Stored items:
^^^^^^^^
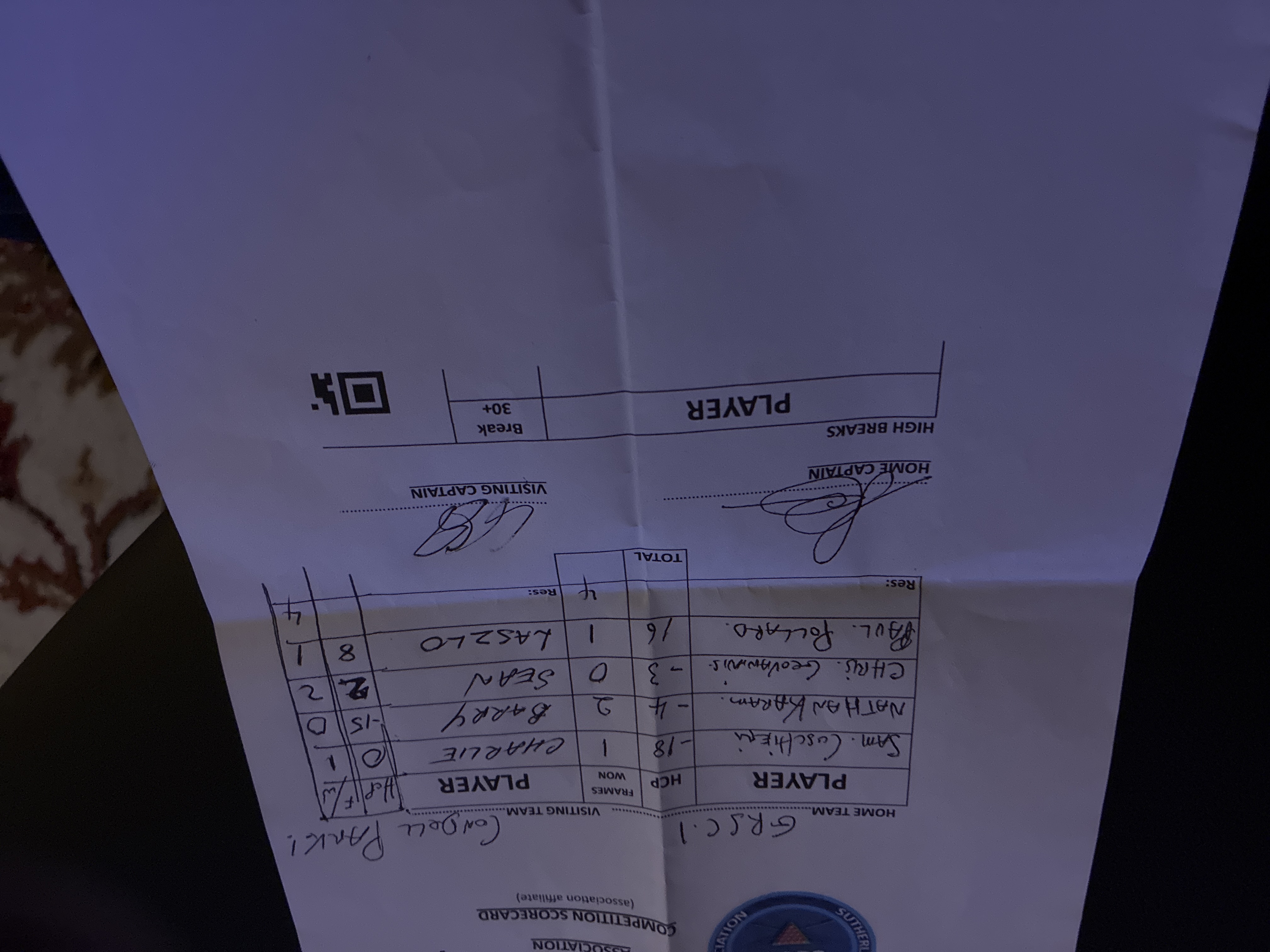 | POS | Georges River #1 | Frame Won | Break | Condell Park #1 | Frame Won | Break | Result Note | Updated on | Update by |
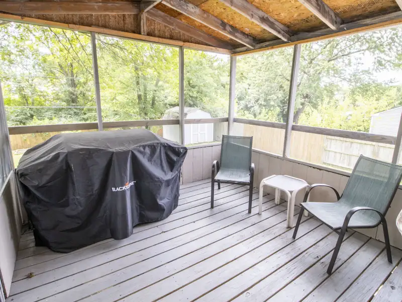 - Screened-in patio overlooking fenced yard
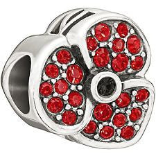 Sterling Silver w Stone - Jeweled Poppy - Red Swarovski
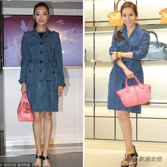 倪妮身穿Tod's藏蓝色麂皮风衣搭配粉色手袋,梳着马尾清清爽爽。这一身很大程度上与侯佩岑撞衫了。
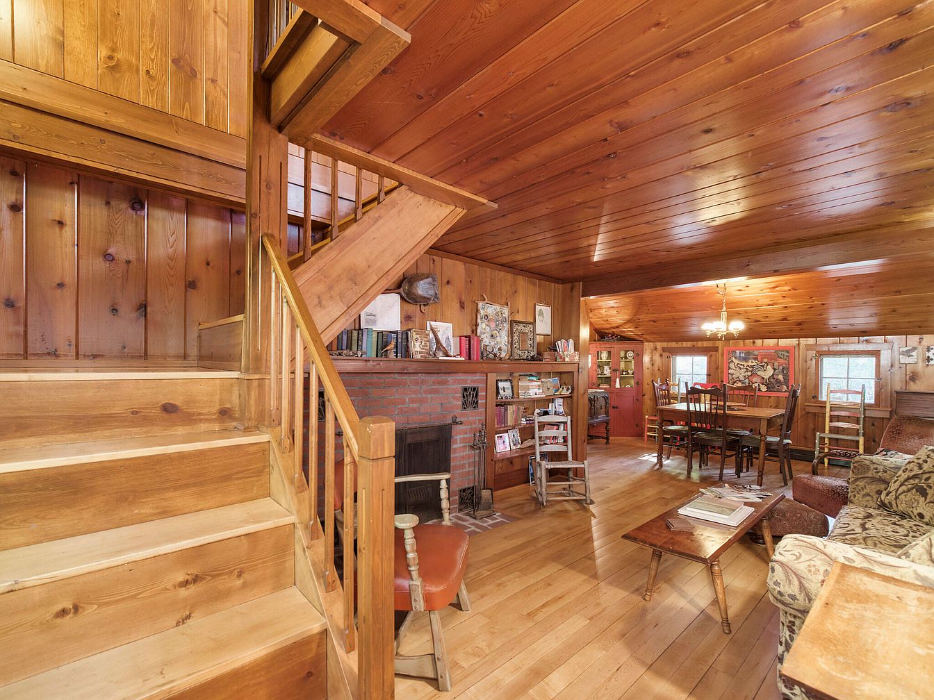 This cozy living area features warm wooden paneling and flooring, enhancing the rustic charm of the space. Light wood tones create a welcoming atmosphere, complemented by a series of comfortable seating options, including a patterned sofa and a wooden armchair. A wooden staircase ascends to the upper level, drawing the eye upwards with its elegant design. Nearby, a dining area is visible, furnished with a sturdy wooden table surrounded by matching chairs. Decorative elements, such as bookshelves and artwork, add personality, while natural light spills in through the windows, providing a bright and inviting ambiance.
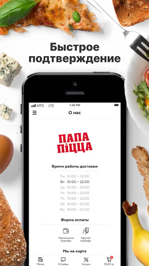 "PAPA PIZZA" application is an application for food delivery in your city!
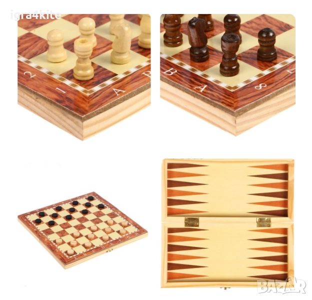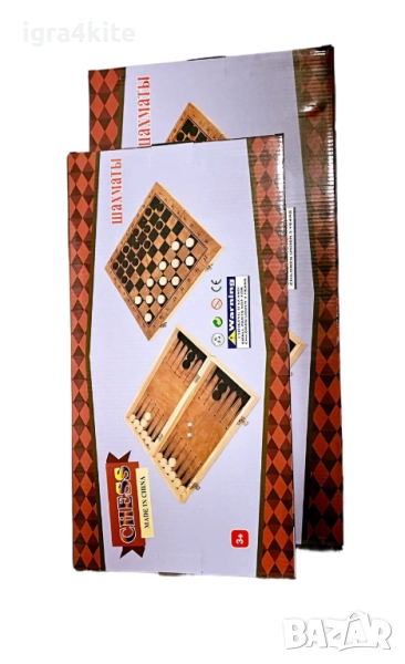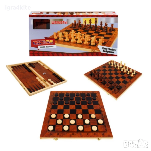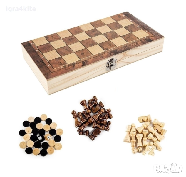 Дървен шах 3-в-1 с три класически игри: Шах Табла и Дама в 2 размера
^^^^^^^^
*PROBLEM DETAILS*:
Please retype the lines from the one that contains "in your city!" to the final line of the records, both included, exactly as written and without any pictures.

*COMPLETED EXERCISE*:
 "PAPA PIZZA" application is an application for food delivery in your city!
 Дървен шах 3-в-1 с три класически игри: Шах Табла и Дама в 2 размера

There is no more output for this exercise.